On a Boilermate II the hot water service is very simple. A long coil of pipe inside the store of hot water with a blender valve on the outlet to mix in some cold to limit the hot termp to a safe level. The fact that yours delivers very hot water initially tells us the store water is definitely hot. The tap water sitting inside the long coil of pipe when the taps are OFF rises to the same temp as the store water, and this is providing the initial run of hot water you get when you use a hot tap.

The problem you are describing is that as fresh cold mains water entering the coil is passing all the way through the coil and out the other end without picking up enough heat to give you truly hot water at the taps on a continuing basis.

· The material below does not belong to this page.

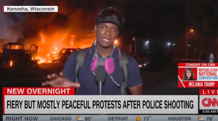 CNN está una vez más bajo fuego por un chyron en uno de sus segmentos de noticias. Un reportero de CNN está parado frente a un estacionamiento de autos en llamas, mientras que las palabras debajo de él dicen «protestas ardientes pero en su mayoría pacíficas después del tiroteo de la policía».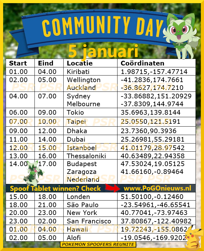 Op zondag 5 januari van 14.00 uur tot 17.00 uur lokale tijd is er weer Community Day. Deze keer zal Sprigatito centraal staan. Sprigatito zal tijdens dit event zijn Shiny debuut maken en de kans om deze Pokémon Shiny aan te treffen zal flink verhoogd zijn.

This suggests that something is preventing heat energy flowing through the wall of the copper tube coil quickly enough to fully heat the tap water in the short time it is in the coil. You can prove this is the effect limiting hot water performance by trying running a bath with the hot tap running verty slowly, just above a trickle. I predict the hot water will run continuously hot and the cooling effect you describe will disapear and your bath will fill up with hot water.

The reason will be that the (now slow running) water will now be spending more time inside the copper coil and picking up more heat. If I'm right and this happens, the most likely candidate causing the problem is water scale deposited on the inside of the tube. I'd suggest descaling is the next step, if only to rule it out, but I'm almost certain that adequate descaling will fix it.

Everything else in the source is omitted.